■ INPUT RECORDS ■
·····

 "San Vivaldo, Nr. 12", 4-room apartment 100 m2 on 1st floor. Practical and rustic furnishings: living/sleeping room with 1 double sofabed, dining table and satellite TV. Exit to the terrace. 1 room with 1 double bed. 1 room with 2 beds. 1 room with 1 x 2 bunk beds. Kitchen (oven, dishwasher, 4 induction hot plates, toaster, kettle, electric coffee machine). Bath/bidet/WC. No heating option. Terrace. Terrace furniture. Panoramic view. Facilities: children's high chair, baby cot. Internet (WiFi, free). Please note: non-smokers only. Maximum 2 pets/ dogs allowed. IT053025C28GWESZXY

·····

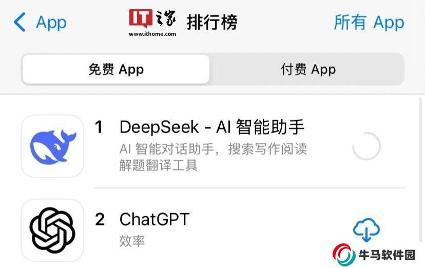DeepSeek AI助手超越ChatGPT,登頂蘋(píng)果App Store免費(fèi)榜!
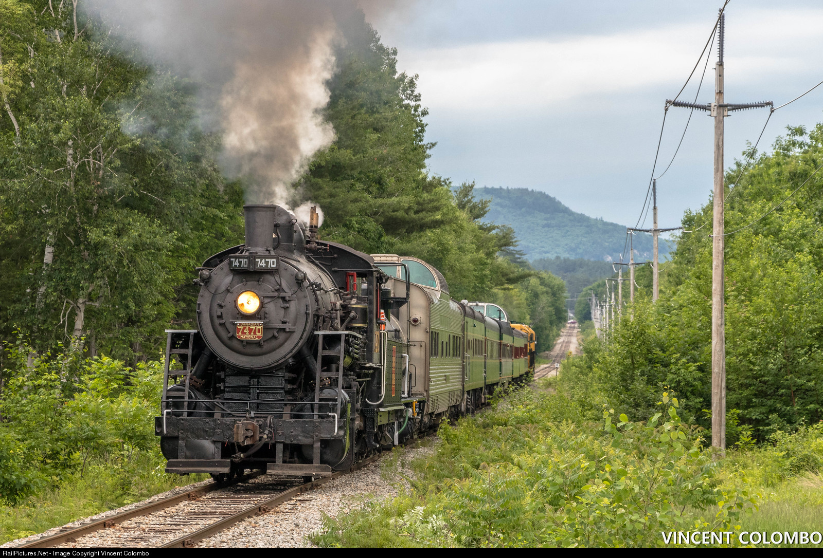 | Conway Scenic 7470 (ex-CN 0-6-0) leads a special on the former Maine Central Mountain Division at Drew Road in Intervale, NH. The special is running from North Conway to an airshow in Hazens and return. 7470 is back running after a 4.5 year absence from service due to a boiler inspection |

·····

■ WORK REQUEST ■
Your answer must be the lines above from the one holding "DeepSeek AI助手超越ChatGPT,登頂蘋(píng)果App Store免費(fèi)榜!" up to and including the one holding "boiler inspection |", exact and with no pictures.

■ EXERCISE SOLUTION ■
DeepSeek AI助手超越ChatGPT,登頂蘋(píng)果App Store免費(fèi)榜!
 | Conway Scenic 7470 (ex-CN 0-6-0) leads a special on the former Maine Central Mountain Division at Drew Road in Intervale, NH. The special is running from North Conway to an airshow in Hazens and return. 7470 is back running after a 4.5 year absence from service due to a boiler inspection |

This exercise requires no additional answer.